As COVID-19 Ambassador, Pearl is here to take up the slack of the economy-obsessed federal government, providing advice on day-to-day living in a time of medical crisis. As mentioned in my previous column, it appears that Australians cannot be trusted to do the right thing for the betterment of the community. As long as we behave selfishly the number of cases will increase and our personal rights will be restricted, so I play my part, guiding the behaviour of the ignorant and arrogant.

Pearl is unconcerned about the psychology behind poor behaviour; there are no excuses. If you are depressed because you are missing out on your yearly Aspen skiing holiday, Pearlie recommends taking a big stoic breath and dealing with it.

This month, Pearl’s ambassadorship will focus on pedestrianism. The COVID lockdown saw a plethora of bored people literally stumbling onto footpaths with little idea of how to negotiate them in a considerate and virus-safe manner. Walking may appear simple, but when one spends most of their time behind the wheel of a Range Rover, loitering in Westfield, or walking on a treadmill, perambulation becomes a lost art form that is difficult to regain.
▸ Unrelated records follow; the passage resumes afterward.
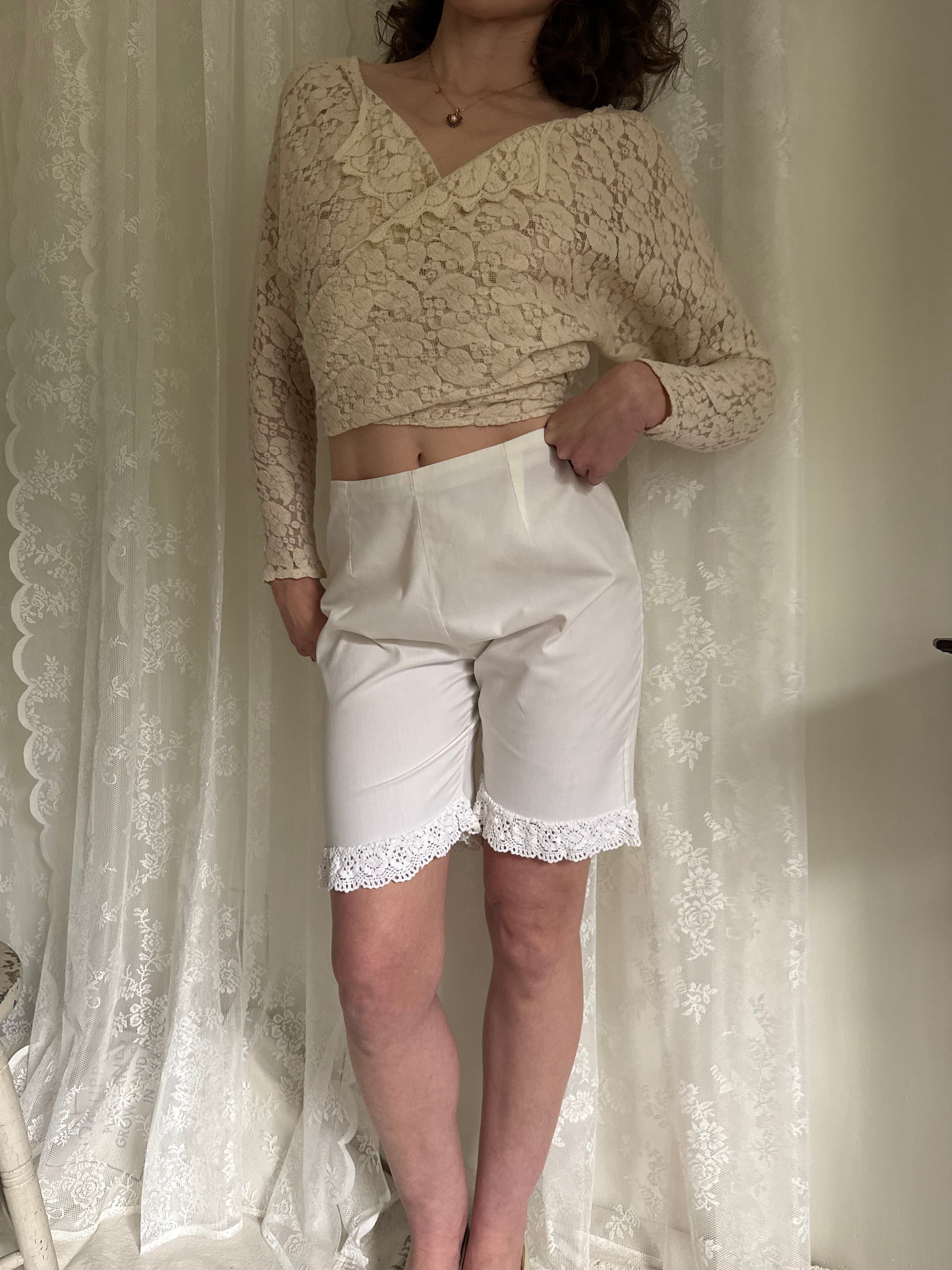 1960s White Lace Trimmed Cotton Shorts / Crochet Lace Trim/ Center Back Metal Zipper with Button closure / Mid Rise - super cute
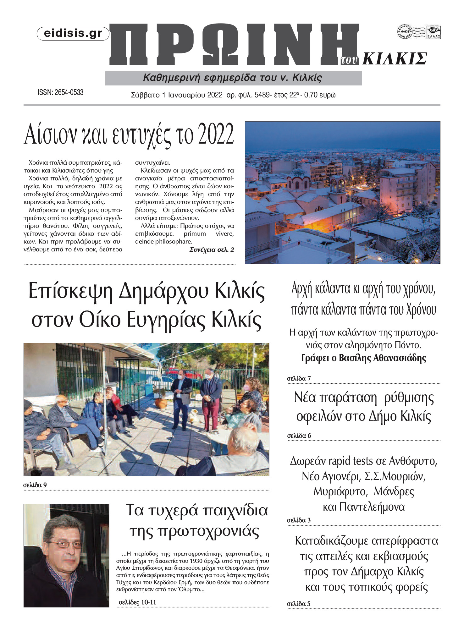 Διαβάστε το νέο πρωτοσέλιδο της Πρωινής του Κιλκίς, μοναδικής καθημερινής εφημερίδας του ν. Κιλκίς (1-1-2022)
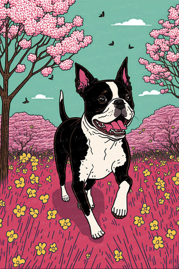 The poster features the Boston Terrier in its iconic black and white coloration, set against a whimsical backdrop of a field filled with cherry blossoms in full bloom. The pink hues of the flowers create a dreamy and serene atmosphere, perfectly complementing the dog's distinctive coat.
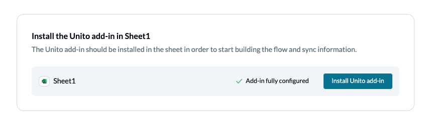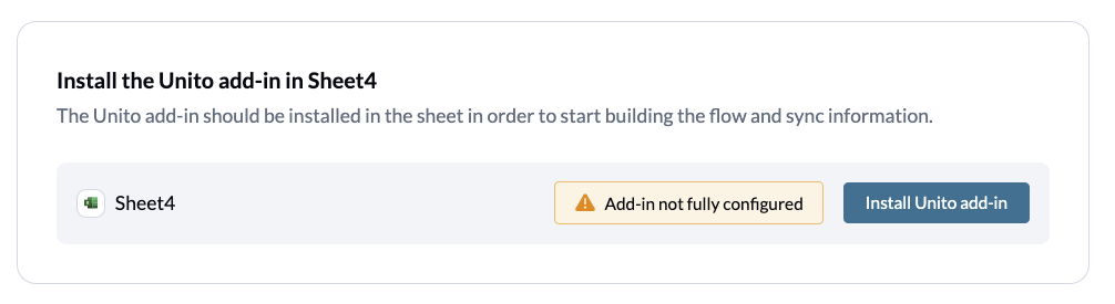 By clicking on Verify add-in status, Unito will automatically check to ensure the add-in for Excel is installed and properly configured. If it's not, you'll see this:
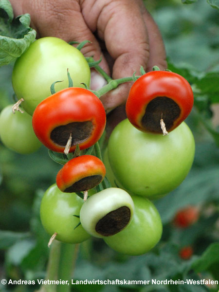 Tomatenfrüchte weisen in manchen Jahren graubraune bis braunschwarze Verfärbungen im Bereich der Blütenansatzstelle auf. Häufig sind die Flecken leicht eingesunken und teilweise verhärtet. Die Ursache für die Erscheinung ist nach Angaben des Pflanzenschutzdienstes eine Unterversorgung der Früchte mit dem Pflanzennährstoff Calcium.
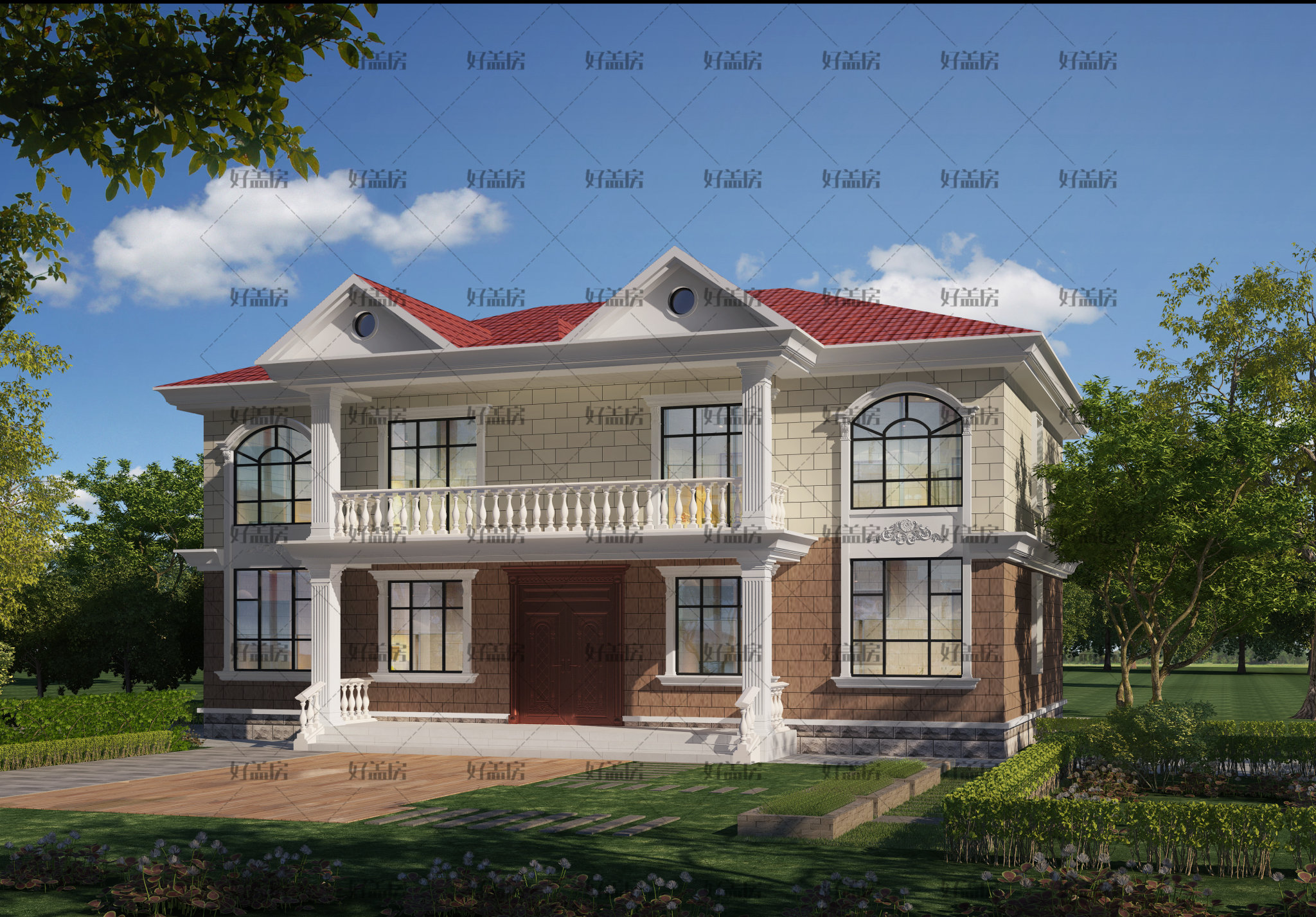 现在,整个农村自建房屋的设计,大多都是简单的欧式斜屋顶设计,既美观又实用。 如今的农村人基本上不需要在屋顶上晒东西,所以今天的小化妆给大家带来一套两层斜屋顶别墅,这绝对是新农村的标准配置。
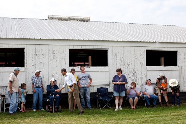"To me, it's sometimes more interesting to see a wider view of a scene like this than you might see published in most newspapers. Here the President greets people at the Whiteside County Fair in Morrison, Ill., during his bus tour."

Crowding the streets during a time of crisis may cause walking to become more vibrant and exciting to the uninitiated, but by doing so you are impeding the foot flow that is vital to pedestrianism. Remember, you are no longer in your SUV stopping in the middle of Clovelly Road to chat with a friend on the kerb; you are sharing a footpath with people who use their legs as a form of transport.

Move with purpose – no sauntering or walking three abreast. The footpath is not a personal gym and the old adage, ‘Two’s company and three’s a crowd’, applies, particularly when abiding by the 1.5 metre rule while accommodating those coming towards you. We may be ‘all in this together’, but that doesn’t mean forcing others onto the road for the sake of a conversation. This is a time to be alert and spatially aware, so checking Instagram and sending selfies is better done at home, along with Skyping or using your speakerphone. Taking your life to the streets might make you feel more important during a lockdown – it may even make you like feel part of a reality TV series – but be mindful that your fellow pedestrians do not want to hear about your latest business deal, nor how bored you are making sourdough during their 5.30am promenade. The same goes for public music playing – you may think your music taste is hot stuff for all to hear, but please pop the earphones in and be mindful of traffic when crossing the road.

Remember readers, think before you leave the comfort of your Porsche Cayenne to meander the streets and ask yourself whether your behaviour is putting others at risk and raising the ire of seasoned walkers like Pearl. You do not want to be the victim of a shoulder charge by not keeping to the left.